● STORED DATA
--

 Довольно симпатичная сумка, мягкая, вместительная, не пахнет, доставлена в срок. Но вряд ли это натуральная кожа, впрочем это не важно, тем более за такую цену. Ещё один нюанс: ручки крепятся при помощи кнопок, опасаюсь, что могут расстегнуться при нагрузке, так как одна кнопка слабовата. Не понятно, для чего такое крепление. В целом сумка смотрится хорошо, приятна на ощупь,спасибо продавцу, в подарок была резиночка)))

--

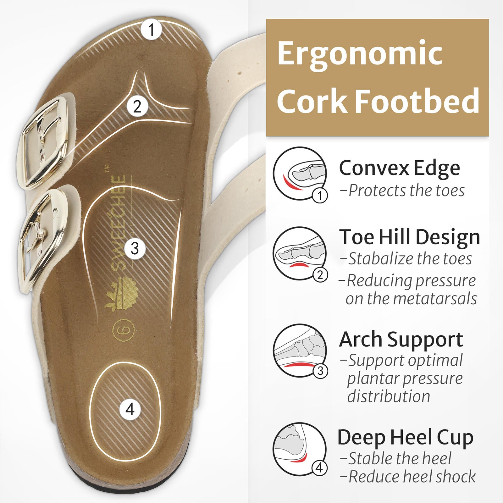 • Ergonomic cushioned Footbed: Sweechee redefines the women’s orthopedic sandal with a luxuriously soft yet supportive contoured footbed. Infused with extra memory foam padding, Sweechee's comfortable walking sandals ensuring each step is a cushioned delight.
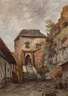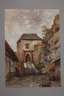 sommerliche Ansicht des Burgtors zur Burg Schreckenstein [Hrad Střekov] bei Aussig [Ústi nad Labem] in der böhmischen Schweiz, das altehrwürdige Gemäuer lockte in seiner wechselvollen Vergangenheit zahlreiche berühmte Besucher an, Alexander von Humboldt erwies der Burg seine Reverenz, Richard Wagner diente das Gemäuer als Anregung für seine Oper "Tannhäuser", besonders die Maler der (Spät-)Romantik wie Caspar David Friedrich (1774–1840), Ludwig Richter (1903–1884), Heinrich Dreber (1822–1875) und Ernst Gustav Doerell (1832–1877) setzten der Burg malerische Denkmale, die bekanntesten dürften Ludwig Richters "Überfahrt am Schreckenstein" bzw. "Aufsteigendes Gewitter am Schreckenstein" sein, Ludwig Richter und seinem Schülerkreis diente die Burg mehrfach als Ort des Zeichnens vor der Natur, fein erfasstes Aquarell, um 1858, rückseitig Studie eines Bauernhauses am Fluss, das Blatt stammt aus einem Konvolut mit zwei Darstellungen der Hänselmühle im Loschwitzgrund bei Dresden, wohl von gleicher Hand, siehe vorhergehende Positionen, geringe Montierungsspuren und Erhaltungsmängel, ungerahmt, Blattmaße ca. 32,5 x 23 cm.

--

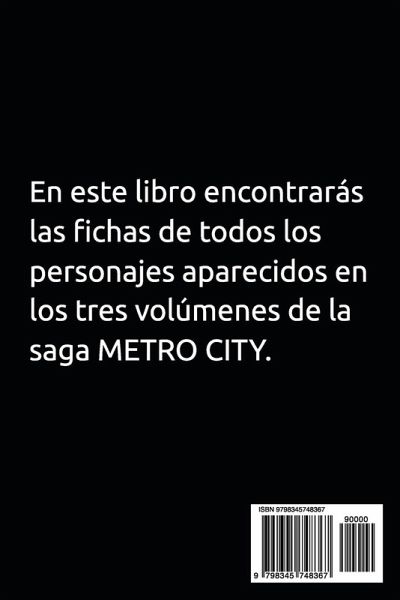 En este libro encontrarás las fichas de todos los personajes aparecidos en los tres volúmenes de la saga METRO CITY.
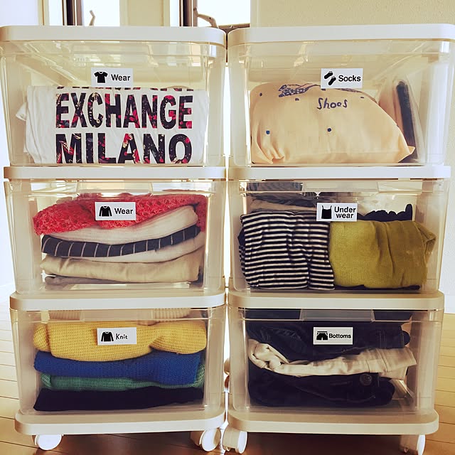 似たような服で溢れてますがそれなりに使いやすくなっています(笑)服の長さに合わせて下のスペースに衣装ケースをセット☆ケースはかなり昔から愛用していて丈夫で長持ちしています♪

--

● TASK ITEM
Quote the data above exactly from the line with "En este libro" to the line with "似たような服で溢れてますがそ", both ends counted, and nothing else. Pictures don't go in.

● COMPLETED TASK
 En este libro encontrarás las fichas de todos los personajes aparecidos en los tres volúmenes de la saga METRO CITY.
 似たような服で溢れてますがそれなりに使いやすくなっています(笑)服の長さに合わせて下のスペースに衣装ケースをセット☆ケースはかなり昔から愛用していて丈夫で長持ちしています♪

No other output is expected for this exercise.